Pay Attention: Everyday Mysticism in Lent

Resurrection in the throes of Lent? Many Christians had a big dose of exactly that this morning as we heard about the valley of the dry bones in Ezekiel and the story in John’s gospel about Jesus raising Lazarus from death.lazarus_tomb

So, that’s a bit odd. Isn’t this season for journeying toward suffering, torture, pain, and death? What’s all this resurrection business doing lurking around in such a somber season?

My answer: the invitation to practice everyday mysticism.

Bible stories sometimes make this difficult to see. Those highly stylized stories can sound as if they were unfolding in a mythological space far removed from the gritty particulars of ordinary, daily life. Those stories actually happen in real places with real people, people with particular histories and sensibilities, people with particular races and cultures and politics, people with joys, sorrows, triumphs, tragedies, and families.

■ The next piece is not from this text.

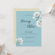 Este maravilhoso design de convite para o casamento apresenta adoráveis botânicos de aquarela em azul pastel, branco e elegantes convites para casamentos florais de lírio, que são perfeitos para qualquer cerimônia elegante e sofisticada. Este floral pintado à mão é ideal para a moda e o casal na moda. Personalize este design com sua mensagem e informações personalizadas. Todas as designs são impressas.
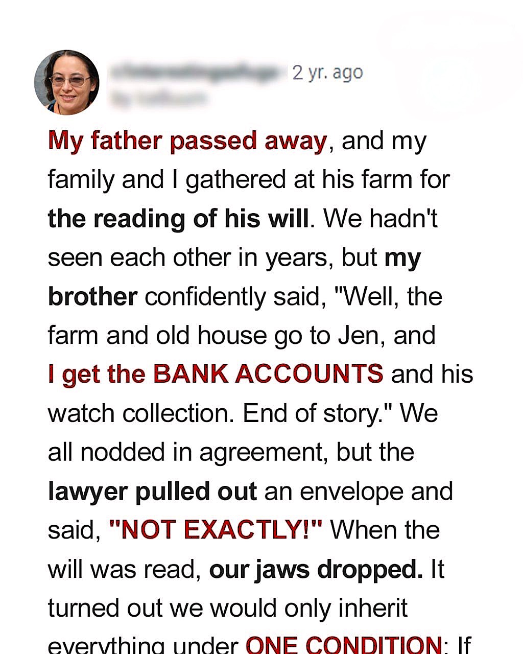 When my late father’s will revealed an inheritance tied to staying married for five years, I thought I could handle it. But my husband’s secret and my brother’s schemes shattered everything I believed.

I’m struck by the way John frames the story about Lazarus with touching details drawn from ordinary, household life. Lazarus and his two sisters, Mary and Martha, were apparently close friends of Jesus. He spent time with them, perhaps even quite a bit of time, in their Bethany household.

I imagine Jesus going to Bethany to get out of the spotlight, a place to relax and to take some time off from a hectic public life, put his feet up, and unwind – just as many of us do in intimate households of good friends.

This makes the illness and death of Lazarus all the more poignant. This wasn’t a stranger that Jesus just happened to encounter; it was Lazarus, a friend, a companion, a confidant, someone like family. Upon seeing Mary and Martha grieving near the tomb of Lazarus, Jesus himself weeps.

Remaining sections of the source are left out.